You want to apply the code correction to your version of code.
Then you'd need to create a patch (http://wiki.freepascal.org/Creating_A_Patch) file that needs to be attached to the bug reporte.

...or you could simply add a link to this thread to the bug report. But in this case in it might not speed up the process.
Title: Re: Entering large Unicode numbers
Post by: Thaddy on January 17, 2017, 03:47:11 pm
There are also multiple ways to patch this, e.g.:
- 1 adapt the code body with similar code to ustrings
- 2 defer LazUTF8.UnicodeToUTF8Inline  to one of the Ustrings.UnicodeToUTF8 ones.
*2 will for now be shot down but probably done in the future anyway.
*1 That's doable, but make sure you pass the tests or add tests for it. 
At the minimum, provide your own example with your patch and show that the new code works ;)

There's a subject on the wiki on how to properly create a patch, but with svn it is rather simple
Title: Re: Entering large Unicode numbers
Post by: Thaddy on January 17, 2017, 04:01:34 pm
@rick2691 IMPORTANT!

You filed the bug report, but you did it the other way around...
The GOOD code is the ustrings code... from FPC itself
The BAD code is the LazUTF8 code... from Lazarus.

So this is not an fpc issue, but a Lazarus issue; LazUTF8.UnicodeToUTF8 can not handle 4 byte extended codepoints as is obvious from the sources. (It can not go higher than three)

So the issue is NOT an FPC issue and should be reported as a Lazarus issue.

I have placed a remark on the bug tracker with a request to move it to Lazarus.
[edit]
It seems that the LazUTF8 one is unicode32. This causes problems because Unicode in FPC is unicode16 with mode delphiunicode or modeswitch unicode.
And there is to string type that can default string to string32 ;) Unicode16 can still handle 4 byte codepoints by the way, so you still can not assume 2 bytes per char.
Title: Re: Entering large Unicode numbers
Post by: rick2691 on January 17, 2017, 04:30:46 pm
So you are saying that the ustrings method should be patched into the LazUTF8 unit?

Rick
Title: Re: Entering large Unicode numbers
Post by: rick2691 on January 17, 2017, 04:41:31 pm
I suppose you have seen the post...


Mattias Gaertner   (manager)
2017-01-17 16:32

LazUTF8.UnicodeToUTF8Inline works here for 0..$fffff. Our test suite runs as well.

Did you only test in RichMemo or did you test the function directly?
Maybe the problem is in RichMemo?
Title: Re: Entering large Unicode numbers
Post by: skalogryz on January 17, 2017, 05:22:15 pm
hmm...
I can see that RichMemo (i'm not positive with RichEdit itself does it) recognize a surrogate pair character as two characters (see the screenshot).

However, I cannot reproduce the "jumping" direction issue. Whenever I insert a character it always advances as RTL character. (Windows 10)
Title: Re: Entering large Unicode numbers
Post by: Thaddy on January 17, 2017, 05:25:41 pm
So you are saying that the ustrings method should be patched into the LazUTF8 unit?

Rick

From the response on the bugtracker it will eventually be the case that the ustrings version will be used..
Title: Re: Entering large Unicode numbers
Post by: rick2691 on January 17, 2017, 05:41:42 pm
Quote
However, I cannot reproduce the "jumping" direction issue. Whenever I insert a character it always advances as RTL character.

skalogryz,

By the image I am assuming that you are in Win10. Is your application also 64bit?

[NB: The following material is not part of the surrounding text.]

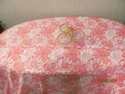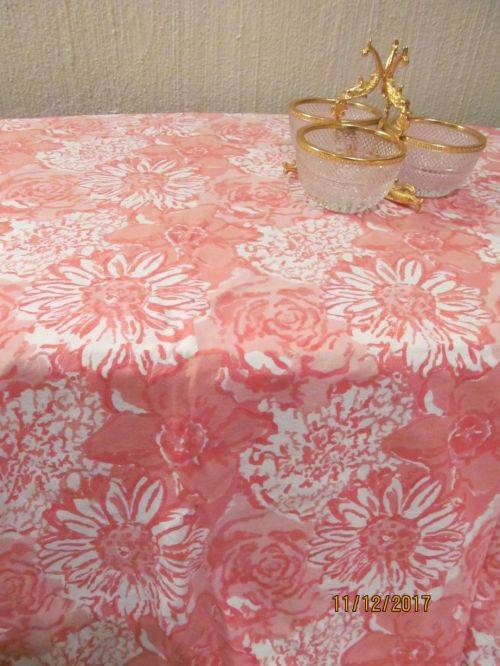 AS NEW - LARGE FLAMINGO PINK TABLE CLOTH WITH GORGEOUS WHITE FLORAL AND LINEAR PATTERNS
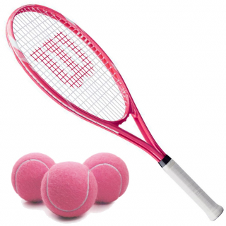 This tennis starter set includes (1) Wilson Tempest Pro Lite 27.5 inch tennis racquet and (3) pink tennis balls.

It may be that it is Win32 widget problem.

Rick
Title: Re: Entering large Unicode numbers
Post by: skalogryz on January 17, 2017, 05:46:21 pm
By the image I am assuming that you are in Win10. Is your application also 64bit?

It may be that it is Win32 widget problem.
Yes, it's Win10 but it's 32-bit application.
Title: Re: Entering large Unicode numbers
Post by: rick2691 on January 17, 2017, 06:14:15 pm
I have attached a series of 6 screen shots. It is in an RTL paragraph. I am hitting the same key each time. It is difficult to see the motion with all of them being the same character, but with all 6 you might see it. The caret shifts around, going right and left, and the actual key is appearing beside the caret (not at the far left end of the series).

Rick

Title: Re: Entering large Unicode numbers
Post by: rick2691 on January 17, 2017, 06:36:19 pm
This is the same demonstration, but it is with a LTR paragraph, and I am using new characters. Notice where the caret is (as to right or left) to the new character.
Title: Re: Entering large Unicode numbers
Post by: rick2691 on January 17, 2017, 07:13:13 pm
I installed RichMemo in Win10 and it did similar to yours. The image shows the top line as an LTR paragraph, and the lower line is an RTL paragraph. Both the characters and caret moved in an LTR method within both paragraphs. So there is no RTL function in Win10.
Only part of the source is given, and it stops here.